With the recent JPMorgan Treasury Client Survey showing that self-reported Treasury net longs were at record lows (and by extension, shorts were all time high) understandably perhaps ahead of an inflation print that is expected to be among the highest on record, there were virtually no traders left to short Treasurys, with all bears already on board.
This meant that as a result of a massive position imbalance, the risk was for a raging short squeeze on even a whiff of deflationary news, and that's precisely what we have seen in recent days, starting with last Friday's disappointing payrolls report which sent 10Y yields lower by 8 bps, and continued with the collapsing odds that a Biden infrastructure plan will pass, amid a breakdown in GOP talks and opposition by centrists such as Manchin.
The squeeze, which started with last Friday's big payrolls miss, has continued through this morning, when the 10-year Treasury yield fell as much as 4bps, sliding below 1.5% for the first time since May 7 - which was also a kneejerk short covering burst following last month's even bigger payrolls miss - as traders scrambled to unwind record short positions.
The 10-year yield peaked at about 1.77% in March and has since fallen as low as 1.46% on May 7 after the release of April's dismal payrolls report. It dropped more after last week's slightly less dismal May jobs report.
The sudden drop in yields takes place before a closely watched 10Y auction of notes at 1pm today and ahead of key U.S. inflation data due Thursday.
While Bloomberg claims that there was no clear catalyst for the latest move lower, "suggesting a potential shift by the market’s large short base ahead of the U.S. data and a European Central Bank meeting Thursday", Rabobank suggests that the move is "related to the headline that talks between President Biden and Republicans over his proposed infrastructure spending bill have collapsed. Recall that on matters of spending in the US, “The President proposes, and Congress disposes”. And that with the Senate 50-50, and Democratic senators Manchin and Sinema opposed to using Budget Reconciliation to ram stimulus through, and to the removal of the Senate filibuster to allow stimulus to proceed on a straight up-down vote, there is no way that this spending can happen - unless something changes."
As Rabo's Michael Every explains, "this implies that while inflation pressures will still rise from here near-term because of the ongoing Bullwhip Effect, they will then decline again further out. Indeed, this bullwhip is bearish for the real economy if you caught the surprise drop in German industrial production yesterday, where key auto output fell sharply even as demand spiked."

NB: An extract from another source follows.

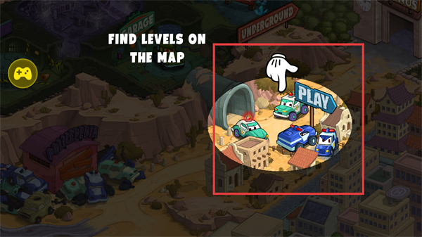 2、在地图界面寻找带有PLAY标识的关卡区域,点击进入,开启横版竞速与车辆乱斗的冒险之旅,选择关卡开始游戏。
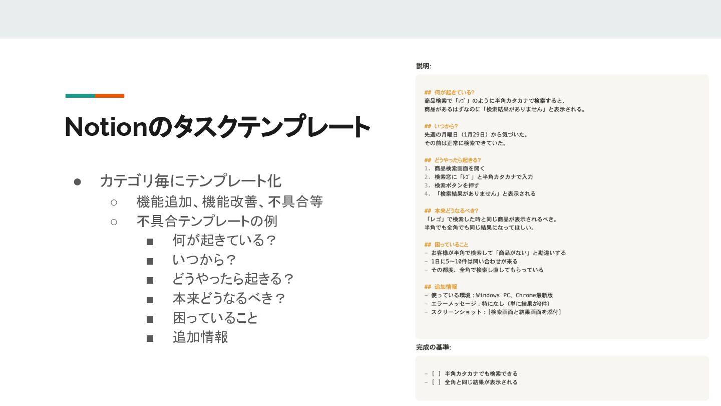 Notionのタスクテンプレート • カテゴリ毎にテンプレート化 ◦ 機能追加、機能改善、不具合等 ◦ 不具合テンプレートの例 ▪ 何が起きている? ▪

What little hope TSY shorts have remains in getting an even bigger than expected CPI surge tomorrow, however, has likely been priced in by now: “I don’t think even a slightly stronger number changes the narrative too much for the June Fed meeting, which is one where they will start to talk about talking about tapering,” wrote NatWest Markets strategist John Briggs in a note this week about the upcoming data.
The drop in yields was not confined to the U.S., with German bunds also sliding to the most negative level in a month.
“Rates markets appear remarkably robust,” said ING strategists including Antoine Bouvet. “It is clear that the market is pricing in the extension of the ECB’s accelerated asset purchase pace as a base case.” The ECB’s pandemic bond-buying program targets around 20 billion euros ($24 billion) a week.